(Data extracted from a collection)

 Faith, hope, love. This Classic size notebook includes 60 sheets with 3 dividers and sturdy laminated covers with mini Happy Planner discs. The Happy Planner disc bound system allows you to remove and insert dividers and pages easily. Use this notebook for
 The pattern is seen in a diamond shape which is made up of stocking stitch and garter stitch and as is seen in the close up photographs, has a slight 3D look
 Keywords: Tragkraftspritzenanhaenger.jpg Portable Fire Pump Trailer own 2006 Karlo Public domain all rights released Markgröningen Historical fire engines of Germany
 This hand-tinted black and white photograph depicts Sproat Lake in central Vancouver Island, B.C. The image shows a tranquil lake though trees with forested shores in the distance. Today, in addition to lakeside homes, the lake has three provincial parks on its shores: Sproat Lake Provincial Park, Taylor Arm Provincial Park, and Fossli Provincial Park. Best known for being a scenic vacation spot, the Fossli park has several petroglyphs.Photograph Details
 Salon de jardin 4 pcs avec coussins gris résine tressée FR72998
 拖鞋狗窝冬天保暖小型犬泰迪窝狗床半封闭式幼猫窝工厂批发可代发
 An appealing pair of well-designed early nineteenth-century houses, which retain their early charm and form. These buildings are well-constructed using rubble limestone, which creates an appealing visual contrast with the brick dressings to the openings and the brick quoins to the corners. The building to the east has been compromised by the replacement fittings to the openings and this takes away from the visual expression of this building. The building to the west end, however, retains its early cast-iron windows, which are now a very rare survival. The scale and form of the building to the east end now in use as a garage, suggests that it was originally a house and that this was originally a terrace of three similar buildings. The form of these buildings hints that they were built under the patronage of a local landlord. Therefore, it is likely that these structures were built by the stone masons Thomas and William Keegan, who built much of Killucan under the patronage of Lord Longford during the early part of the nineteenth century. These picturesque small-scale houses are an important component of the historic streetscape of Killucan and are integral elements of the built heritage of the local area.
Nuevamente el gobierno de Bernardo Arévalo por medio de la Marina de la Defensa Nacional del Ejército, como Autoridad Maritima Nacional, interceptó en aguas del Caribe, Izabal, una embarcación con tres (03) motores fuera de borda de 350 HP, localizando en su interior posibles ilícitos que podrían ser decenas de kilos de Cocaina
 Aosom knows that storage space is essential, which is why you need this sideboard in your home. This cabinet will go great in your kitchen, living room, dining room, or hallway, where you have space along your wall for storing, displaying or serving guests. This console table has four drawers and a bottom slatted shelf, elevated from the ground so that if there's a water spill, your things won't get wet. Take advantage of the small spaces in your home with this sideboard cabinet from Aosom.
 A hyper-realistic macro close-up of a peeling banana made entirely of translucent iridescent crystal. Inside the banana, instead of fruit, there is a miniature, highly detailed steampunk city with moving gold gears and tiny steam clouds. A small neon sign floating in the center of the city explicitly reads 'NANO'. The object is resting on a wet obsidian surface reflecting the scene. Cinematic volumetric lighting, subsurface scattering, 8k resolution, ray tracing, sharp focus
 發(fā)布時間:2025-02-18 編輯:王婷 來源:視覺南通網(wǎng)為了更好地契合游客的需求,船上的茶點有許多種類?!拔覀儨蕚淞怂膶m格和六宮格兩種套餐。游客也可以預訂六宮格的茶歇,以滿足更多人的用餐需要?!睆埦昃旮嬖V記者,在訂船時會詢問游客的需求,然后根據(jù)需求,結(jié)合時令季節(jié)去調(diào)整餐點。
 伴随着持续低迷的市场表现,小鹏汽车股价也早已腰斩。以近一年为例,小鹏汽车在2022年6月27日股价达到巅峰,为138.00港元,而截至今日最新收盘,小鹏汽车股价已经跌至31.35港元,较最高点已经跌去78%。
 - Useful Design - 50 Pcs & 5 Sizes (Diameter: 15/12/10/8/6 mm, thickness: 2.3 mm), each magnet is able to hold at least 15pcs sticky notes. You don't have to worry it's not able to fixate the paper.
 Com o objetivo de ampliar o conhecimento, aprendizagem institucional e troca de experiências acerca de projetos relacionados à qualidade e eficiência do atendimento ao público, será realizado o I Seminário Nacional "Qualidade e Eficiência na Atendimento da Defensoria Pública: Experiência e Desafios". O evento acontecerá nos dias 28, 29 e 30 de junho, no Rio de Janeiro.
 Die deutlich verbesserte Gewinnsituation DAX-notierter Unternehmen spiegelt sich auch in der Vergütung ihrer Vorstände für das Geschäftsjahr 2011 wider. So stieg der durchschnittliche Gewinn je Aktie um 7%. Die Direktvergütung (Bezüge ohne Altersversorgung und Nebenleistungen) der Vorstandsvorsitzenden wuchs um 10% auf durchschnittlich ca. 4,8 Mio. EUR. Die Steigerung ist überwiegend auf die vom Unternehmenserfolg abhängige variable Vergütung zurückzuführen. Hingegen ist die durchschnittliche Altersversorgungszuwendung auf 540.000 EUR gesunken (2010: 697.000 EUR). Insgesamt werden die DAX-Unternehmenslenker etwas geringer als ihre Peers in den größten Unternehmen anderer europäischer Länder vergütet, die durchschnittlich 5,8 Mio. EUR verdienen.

__Assignment__
Where a line of the data holds "have", show that line.

__Expected answer__
 Aosom knows that storage space is essential, which is why you need this sideboard in your home. This cabinet will go great in your kitchen, living room, dining room, or hallway, where you have space along your wall for storing, displaying or serving guests. This console table has four drawers and a bottom slatted shelf, elevated from the ground so that if there's a water spill, your things won't get wet. Take advantage of the small spaces in your home with this sideboard cabinet from Aosom.
 - Useful Design - 50 Pcs & 5 Sizes (Diameter: 15/12/10/8/6 mm, thickness: 2.3 mm), each magnet is able to hold at least 15pcs sticky notes. You don't have to worry it's not able to fixate the paper.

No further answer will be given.